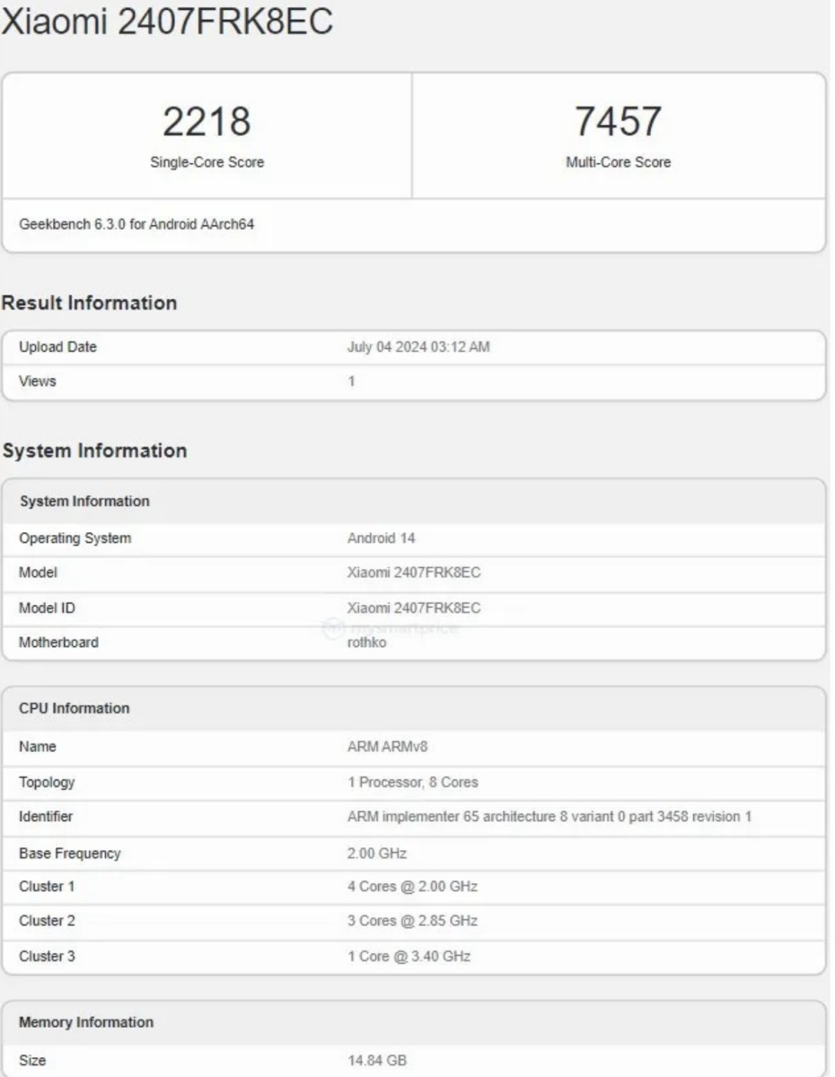 Theo tin mới nhất từ trang dữ liệu Geekbench, mẫu prototype đầu tiên của điện thoại Redmi K70 Ultra đã xuất hiện trên hệ thống với vi xử lý MediaTek Dimensity 9300+. Cụ thể, phiên bản prototype này được trang bị 16GB RAM và chạy hệ điều hành Android 14 cùng giao diện HyperOS của Xiaomi.
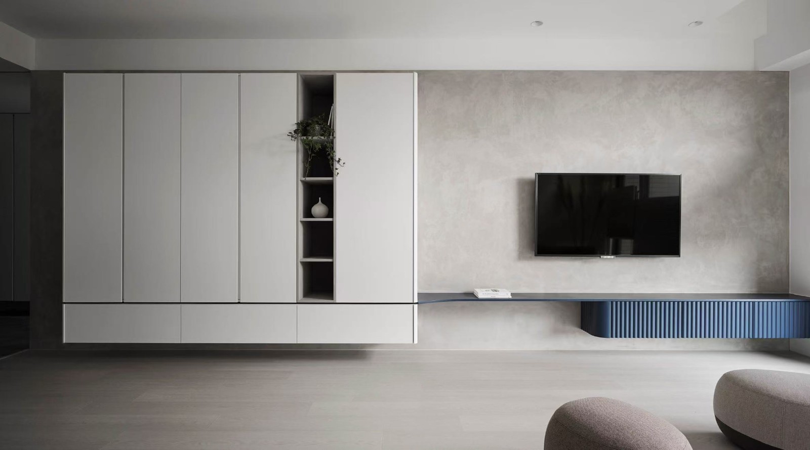 客廳電視墻以淺色為基底,構(gòu)建溫潤(rùn)、輕盈的氛圍;局部金屬材質(zhì)點(diǎn)染,形成如東方畫(huà)面般的光影層次。
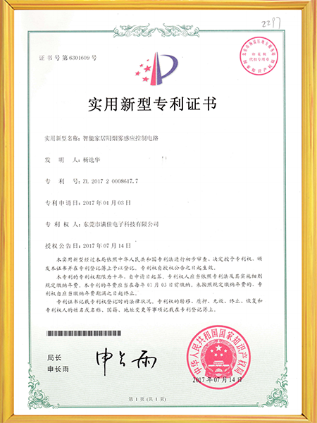 烟雾感应器实用新型专利证书
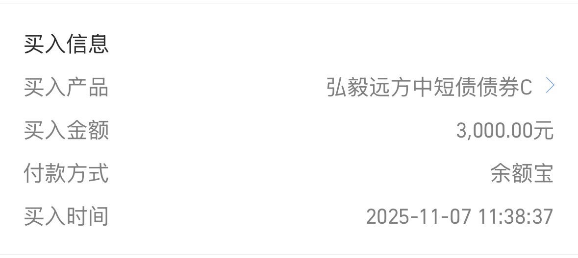 近期债市利好信号不断!央行买债释放积极信号,四季度债市将回归基本面与流动性定价,风险压制逐步减弱,对中短债更是直接利好。趁这波行情,阿诗今天上车一笔弘毅远方中短债,这只中短债最让人安心的,就是稳字当头,聚焦高评级AAA级债券,波动小、回撤低,上周大蛋不断连续刷新,马上连续上涨20天了,整体来看稳健中带了一点进攻型,当前,定存利率一降再降,手里的闲钱放着贬值太可惜,弘毅远方中短债在行情向好时抓住收益机会,满足既要又要的需求,阿诗今天上车3000元~
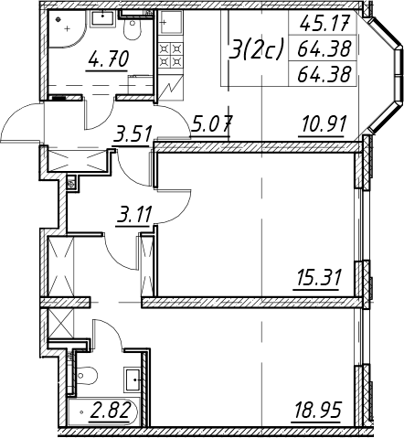 - S общая: 64.38 м2
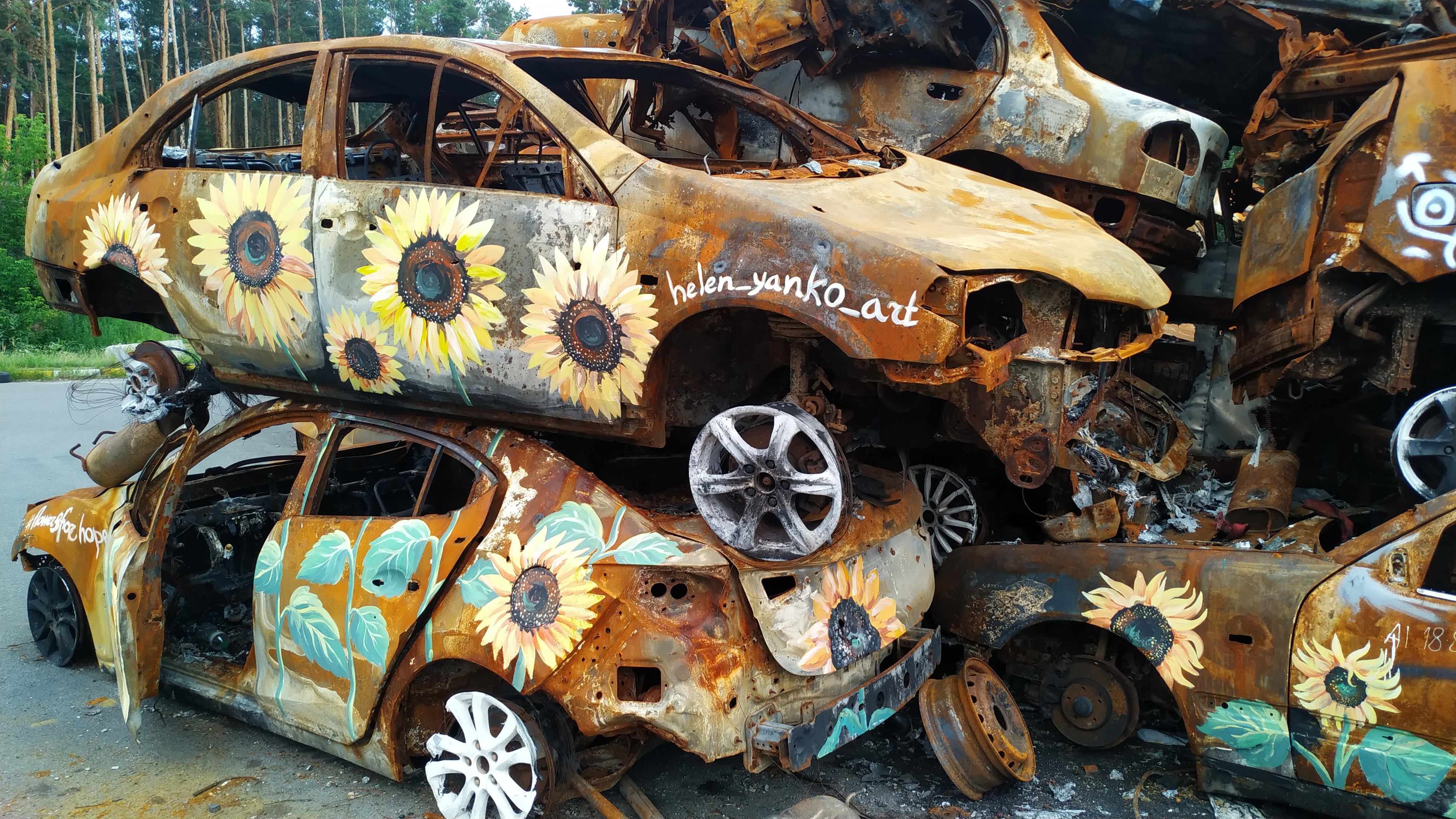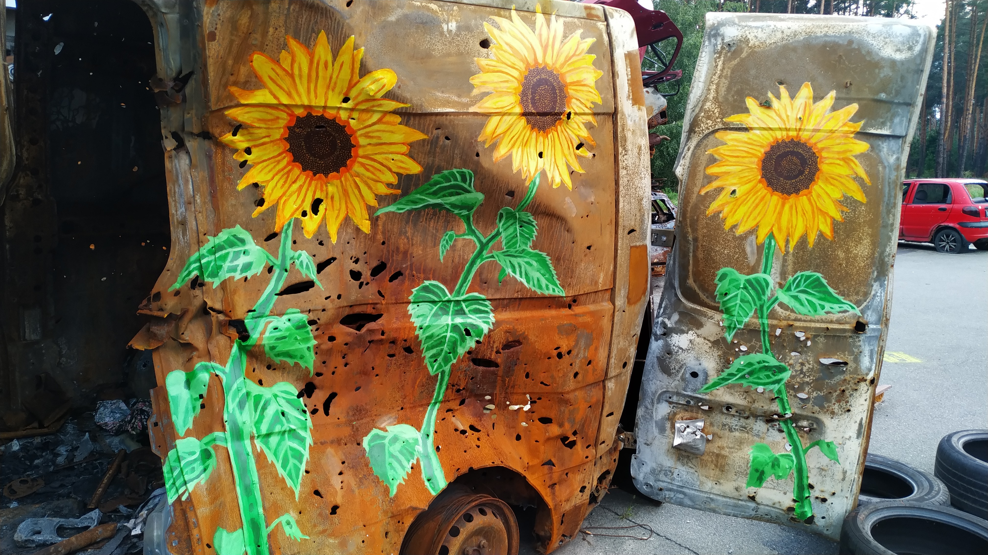 Rusya-Ukrayna savaşı devam ederken, Ukrayna ordusu tarafından ülkenin Irpin şehrinde Rus tanklarının ilerlemesini durdurmak için yıkılan bir köprüden çekilen araçlar, ABD’li ve Ukraynalı sanatçıların tuvali oldu. Sanatçılar hurdaya dönen araçlara çizdikleri ayçiçeği çalışmalarının dijital görüntülerini NFT olarak satışa sunmayı planladıklarını ve elde edilecek gelirin yeni projeler için kullanılacağını belirtti.

**TASK REQUIREMENTS:** Reproduce verbatim every line starting at the line that holds "- S общая: 64.38 м2" and ending with the final line of the data; omit the pictures.

**OUTPUT FOR THIS TASK:**
 - S общая: 64.38 м2
 Rusya-Ukrayna savaşı devam ederken, Ukrayna ordusu tarafından ülkenin Irpin şehrinde Rus tanklarının ilerlemesini durdurmak için yıkılan bir köprüden çekilen araçlar, ABD’li ve Ukraynalı sanatçıların tuvali oldu. Sanatçılar hurdaya dönen araçlara çizdikleri ayçiçeği çalışmalarının dijital görüntülerini NFT olarak satışa sunmayı planladıklarını ve elde edilecek gelirin yeni projeler için kullanılacağını belirtti.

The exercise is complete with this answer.